[[ Data for analysis open ]]
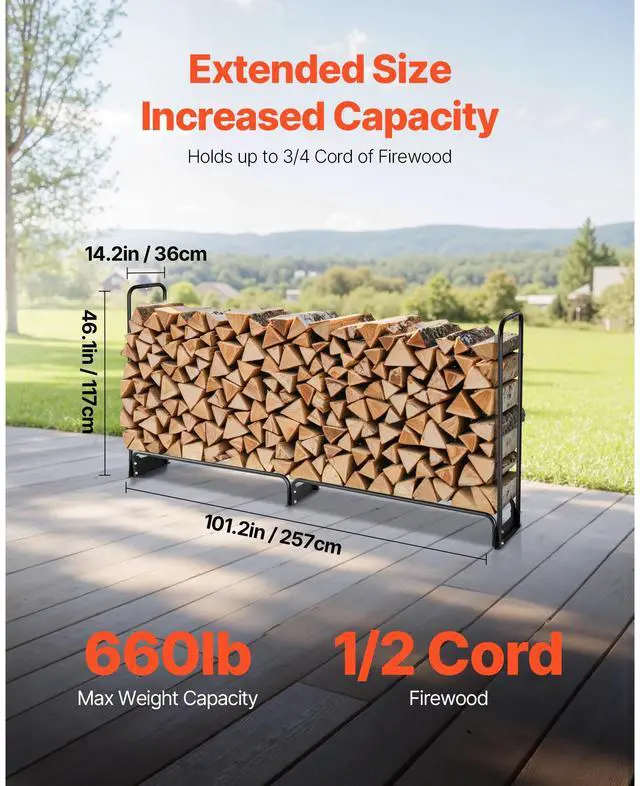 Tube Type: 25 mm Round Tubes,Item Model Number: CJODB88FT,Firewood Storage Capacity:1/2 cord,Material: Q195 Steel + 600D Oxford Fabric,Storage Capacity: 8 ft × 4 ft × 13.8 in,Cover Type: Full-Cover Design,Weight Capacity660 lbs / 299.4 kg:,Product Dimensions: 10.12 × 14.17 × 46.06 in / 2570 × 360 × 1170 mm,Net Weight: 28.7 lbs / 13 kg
[[ Data for analysis closed ]]
[[ Data for analysis open ]]
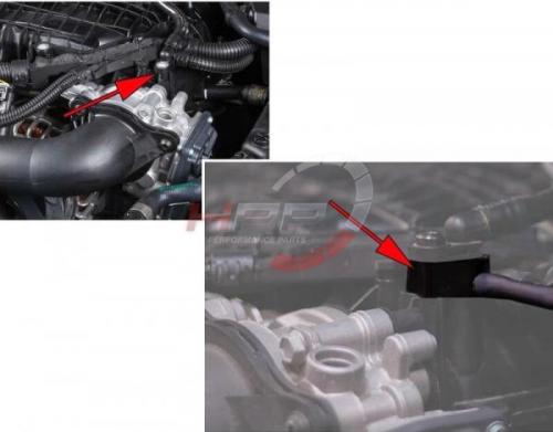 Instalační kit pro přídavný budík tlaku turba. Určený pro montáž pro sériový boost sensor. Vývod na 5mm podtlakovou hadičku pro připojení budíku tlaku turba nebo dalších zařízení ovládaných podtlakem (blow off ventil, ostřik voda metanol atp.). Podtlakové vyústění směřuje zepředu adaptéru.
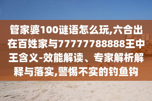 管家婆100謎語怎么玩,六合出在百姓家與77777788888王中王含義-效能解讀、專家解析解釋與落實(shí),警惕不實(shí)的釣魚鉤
[[ Data for analysis closed ]]
-- Assigned task --
Extract the part of the records that opens with the line containing "Instalační kit pro" and closes with the line containing "管家婆100謎語怎么玩,六合". Take only those lines, exactly, and no pictures.

-- Result for this task --
 Instalační kit pro přídavný budík tlaku turba. Určený pro montáž pro sériový boost sensor. Vývod na 5mm podtlakovou hadičku pro připojení budíku tlaku turba nebo dalších zařízení ovládaných podtlakem (blow off ventil, ostřik voda metanol atp.). Podtlakové vyústění směřuje zepředu adaptéru.
 管家婆100謎語怎么玩,六合出在百姓家與77777788888王中王含義-效能解讀、專家解析解釋與落實(shí),警惕不實(shí)的釣魚鉤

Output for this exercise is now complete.